Bir varmış, bir yokmuş, Allah’ın kulu çokmuş; zaman zaman içinde, kalbur saman içinde, cinler cirit oynarken, eski harman içinde… Varlı vakitli bir evin yarlı yakışıklı bir kızı varmış; dil ile tarif edilmez ki, edeyim. Güle benziyormuş allar içinde, serviye benziyormuş dallar içinde; acaba insan bakmaya kıyar mı ki…Anası babası gözlerini gözünden ayırmaz, ellerini sıcaktan soğuğa vurdurmazlarmış ama, feleğin gözü kör olsun, daha bir bülbül gelip de dalına konmadan ecel gelip kapılarını çalmış; ocaklardan ırak, ikisini bir tahtada alıp gidince, dünya bu gül kızın başına yıkılmış, ahü zarı yeri, göğü tutup bir gözü anasının yoluna akmış, bir gözü babasının ama, elden ne gelir, dilden ne gelir; yürek yarası bu, yarılmaz ki yarılsın; sarılmaz ki sarılsın, Allah sabrını versin yoksa…
Bereket versin günün birinde hayırlı bir kısmet çıkmış da, Gül kız, allı, pullu gelin olup kapı ardından kurtulmuş.Talihinden kocası da ağzı var, dili yok kuzu gibi bir adammış; kimsenin bir tüyüne dokunmaz, yerdeki bir karıncayı bile incitmekten sakınırmış. Velakin alnının teriyle geçindiği için evin bütün işi Gül kıza bakıyormuş
Gel gelelim, Gül kız el  üstünde büyütüldüğü için ömründe ne ocak başı görmüş ne tandır aşı… Ne elleri işe varıyormuş, ne parmakları dikişe… Ocaklar is bağlamış, süpürülmeye süpürülmeye… örümcekler ağ bağlamış, silinmeye silinmeye… Hâsıla kelâm, evin yüzüne bakılmaz olmuş. Eee, evin yüzüne bakılmazsa, bu evi çekip çevirenin yüzüne bakılır mı, gül değil, isterse gülden gönüllü olsun… Konu komşu, çoktan ayağını kesmiş ya kocası ne yapsın! Evin dirliği, düzeni bozulmasın diye, yağlı yavan dememiş, katlanacağı kadar katlanmış, bir güne bir gün ağzını açıp da karısına bir çift söz dokundurmamış. İyi ama, güzellik dediğin peynir, ekmekle yenmez ki… Son sonu, o da alnını kırıştırıp, yüzünü kızartmaya başlamış.

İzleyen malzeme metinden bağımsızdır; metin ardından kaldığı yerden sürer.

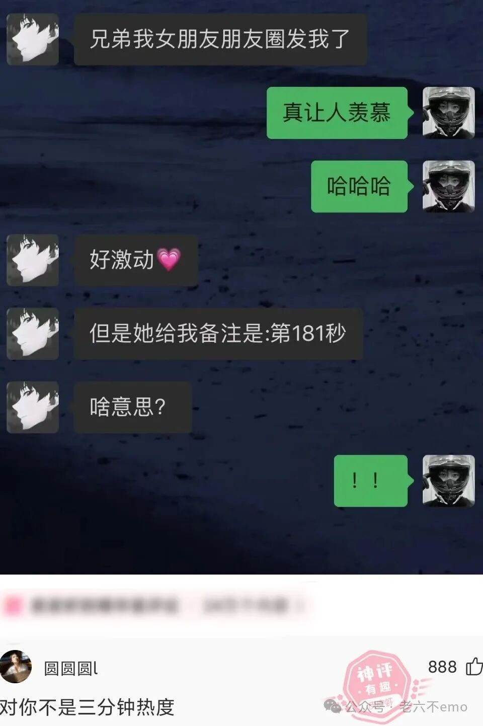 老婆:“他回来了,你快躲起来。”男人在门外听到老婆的话他知道发生了什么,一进屋发现衣柜动了一下。他抬起衣柜就准备从八楼扔下去,老婆:“等一下,你听我说完!”老公:“你不用解释了!”说完就把衣柜推了下去。老婆:“儿子在和你玩捉迷藏呢!”

Eee, bir imâ, bin mânâ demişler! Gül kız kocasının da nevri döndüğünü sezmez olur mu, sezmiş ama, ne yapsın; elinden gelse, elini saçak, saçını süpürge edip her tarafı ayna gibi yapacak; pişireceğini tadıyla, tuzuyla pişirip kocacağızının da  yüzünü güldürecek ama, yürekte var, elinde yok! Bundandır, kendi  kendine yanıp yakılır, yeri, göğü yaradana yalvarıp, yakarırmış:
“Hey Allah’ım, iki elim on parmağım var ama, işe güce varmıyor, varsa bile, yaramıyor; ya kaş yapayım derken göz çıkarıyorum, ya da yaptığım işi ağzıma yüzüme bulaştırıyorum. Bu gidişle evim ocağım başıma yıkılacak, görüp güvendiğim sensin. Sen bana bir çare halk et Allah’ım!”diye… Bir gün yine böyle ah ü vah ederken, evin içinde nur yüzlü bir hatuncuk peyda olmuş.

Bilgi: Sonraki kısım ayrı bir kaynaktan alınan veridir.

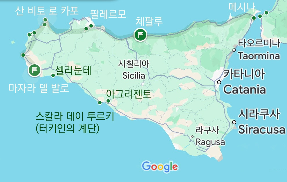 이쯤 해서 지도를 보자. 우리가 덧없이 이동만 한 경로가 확연하다. 우리는 서쪽 끝까지 거의 갔다가 이제 예정보다 빨리 남쪽으로 한참 내려와 있었다. 이대로 남쪽 해안을 따라 천천히 돌면 가장 좋겠지만, 이번 여름에는 가족처럼 아끼는 친한 동생 커플의 결혼식이 이탈리아에서 열릴 예정이라 7월 12일에 돌아가야 했다. 남쪽으로 돌 시간적 여유가 없었다. 돌아갈 때는 팔레르모에서 배를 타야 했기 때문에 우리는 멀리 가지 않고 최대한 서쪽에서 시간을 보내기로 했다. 오토캠핑장의 주인 할아버지께 어디가 좋을지 여쭤 봤더니 사람들이 잘 모르지만 가 볼 만한 곳이 한 곳 있다고 하셨다. 셀리눈테(Selinunte)였다.
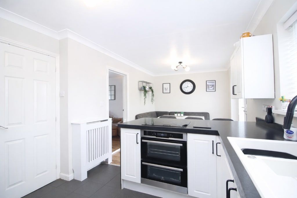 UPVC double glazed window and doors to rear garden, plastered walls and ceiling, laminate and tiled flooring, wall and base units with laminate work tops, sink unit with mixer tap, integrated oven and hob, space for fridge/freezer, doors to under stairs storage and utility room.

“A gül kızım, güllü kızım demiş; ne diye gözlerini sele veriyorsun! Yaratan yaratırken senin de her parmağına bir hüner vererek yaratmış ama demir bile paslanır işlemiye işlemiye… Anan rahmetli seni gül yerine koyup da göğsünde taşıyacağına önüne iş verip de parmaklarını işletseydi, ellerin her işe yatardı şimdi… Sen de evini, ocağını gül gibi yapar, kendi yüzünü de ağartırdın, kocanın yüzünü de…Velâkin ne malûm olmaz ki, analara! Bugün, su başına gelenler, onu da rahat uyutmuyor kabrinde. Bereket versin ki, sağlığında yetim görse yedirir ; yoksul görse giydirirdi de onların yüzü suyu hürmetine on peri getirdim sana!”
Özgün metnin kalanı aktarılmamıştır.